* **Collected material**
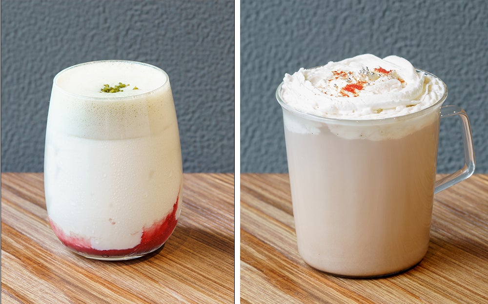 ピスタチオペーストとミルクで作ったカプチーノにピスタチオと相性抜群のベリーソースを加えたオリジナルドリンクです。ピスタチオの香りとベリーの酸味を楽しみください!
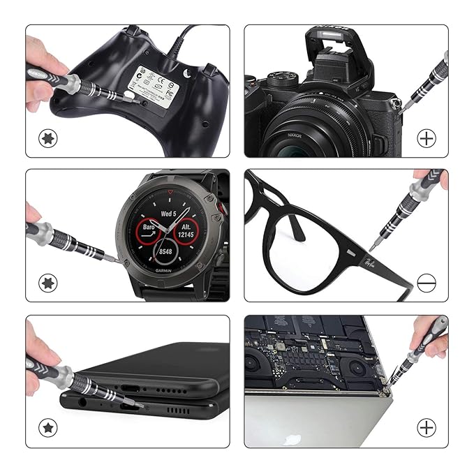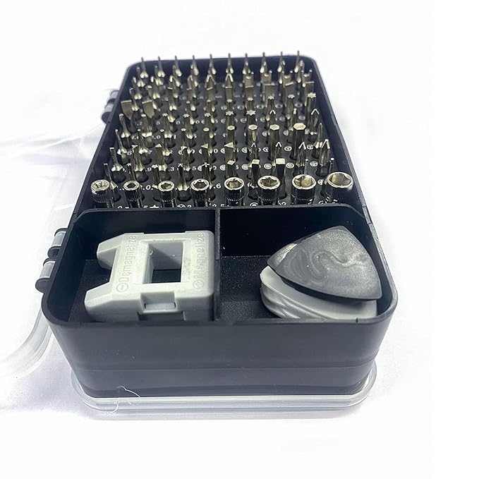 - Powerful Functions122 In 1 Precision Screwdriver Set Contains 98 Screwdriver Bits, 3Torxtr Screwdriver Bits And 21 Auxiliary Tools, Such As Screwdriver Handle, Flexible Shaft, Extension Rod, Magnetizer, Magnetic Pad, Cleaning Brush Etc. Own This Toolkit, You Can Replace The Battery, Screen And Other Parts Of The Smartphone, Tablet, Laptop, And Upgrade The Hard Disk And Performance Of The Computer And Pc, Disassemble And Repair Ps4, Xbox And Other Game Consoles, Repair Drones, Cameras, Etc.
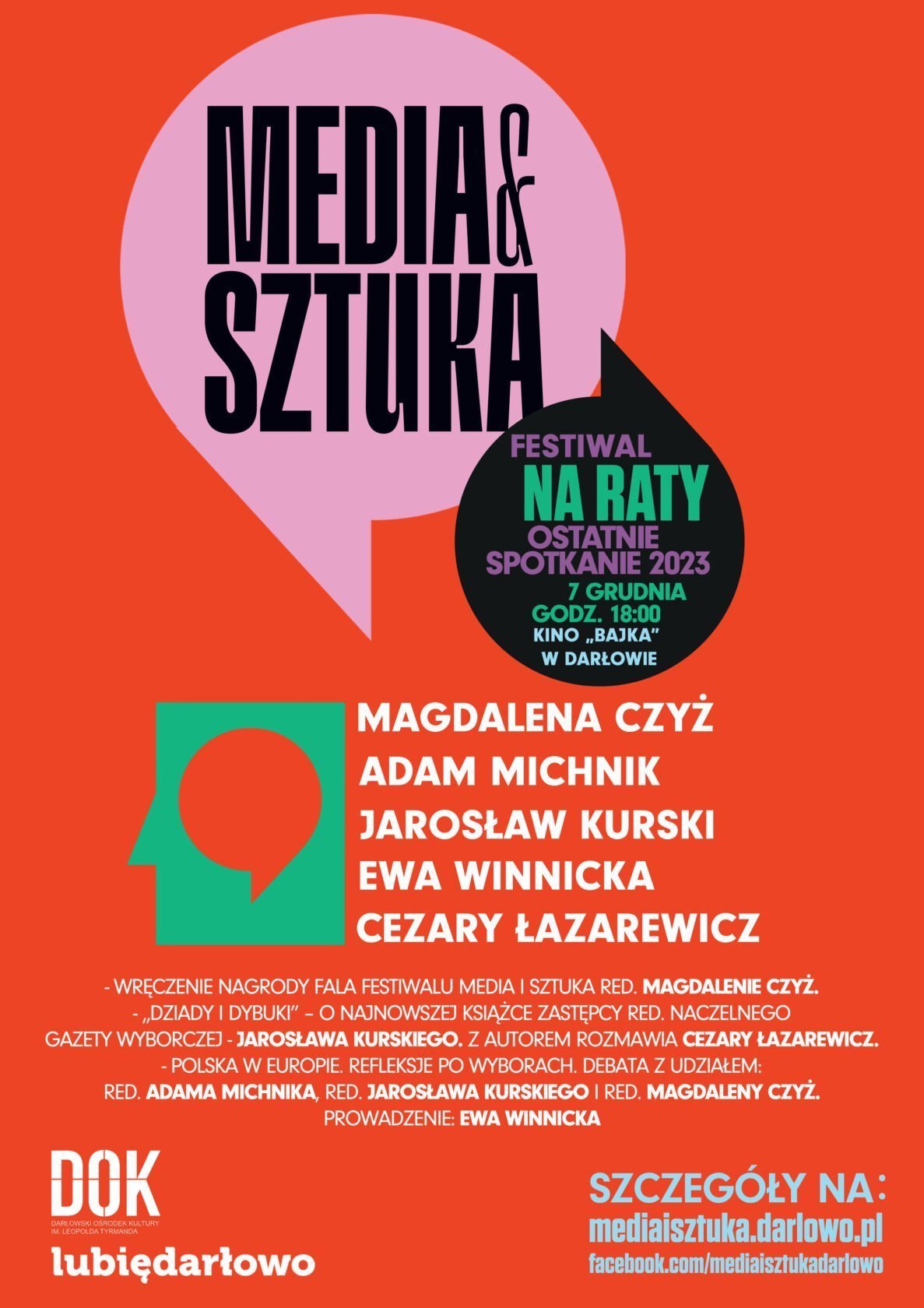 7 grudnia 2023, o godz. 18:00 w kinie Bajka w Darłowie (ul. Morska 56) odbędzie się ostatnie spotkanie z cyklu “Media i Sztuka – Festiwal – edycja na raty”. Wśród gości specjalnych znajdą się Adam Michnik, Jarosław Kurski oraz Magdalena Czyż z “Gazety Wyborczej”, która otrzyma w tym roku otrzyma statuetkę Fali Festiwalu Media i Sztuka. Podczas wydarzenia odbędzie się dyskusja na temat najnowszej książki Jarosława Kurskiego “Dziady i Dybuki”, a następnie “Debata o Polsce”, z udziałem zaproszonych gości, moderowana przez red. Ewę Winnicką.

* **Your objective**
Any picture in the material is to be dropped; the rest is repeated exactly.

* **Written solution**
 ピスタチオペーストとミルクで作ったカプチーノにピスタチオと相性抜群のベリーソースを加えたオリジナルドリンクです。ピスタチオの香りとベリーの酸味を楽しみください!
 - Powerful Functions122 In 1 Precision Screwdriver Set Contains 98 Screwdriver Bits, 3Torxtr Screwdriver Bits And 21 Auxiliary Tools, Such As Screwdriver Handle, Flexible Shaft, Extension Rod, Magnetizer, Magnetic Pad, Cleaning Brush Etc. Own This Toolkit, You Can Replace The Battery, Screen And Other Parts Of The Smartphone, Tablet, Laptop, And Upgrade The Hard Disk And Performance Of The Computer And Pc, Disassemble And Repair Ps4, Xbox And Other Game Consoles, Repair Drones, Cameras, Etc.
 7 grudnia 2023, o godz. 18:00 w kinie Bajka w Darłowie (ul. Morska 56) odbędzie się ostatnie spotkanie z cyklu “Media i Sztuka – Festiwal – edycja na raty”. Wśród gości specjalnych znajdą się Adam Michnik, Jarosław Kurski oraz Magdalena Czyż z “Gazety Wyborczej”, która otrzyma w tym roku otrzyma statuetkę Fali Festiwalu Media i Sztuka. Podczas wydarzenia odbędzie się dyskusja na temat najnowszej książki Jarosława Kurskiego “Dziady i Dybuki”, a następnie “Debata o Polsce”, z udziałem zaproszonych gości, moderowana przez red. Ewę Winnicką.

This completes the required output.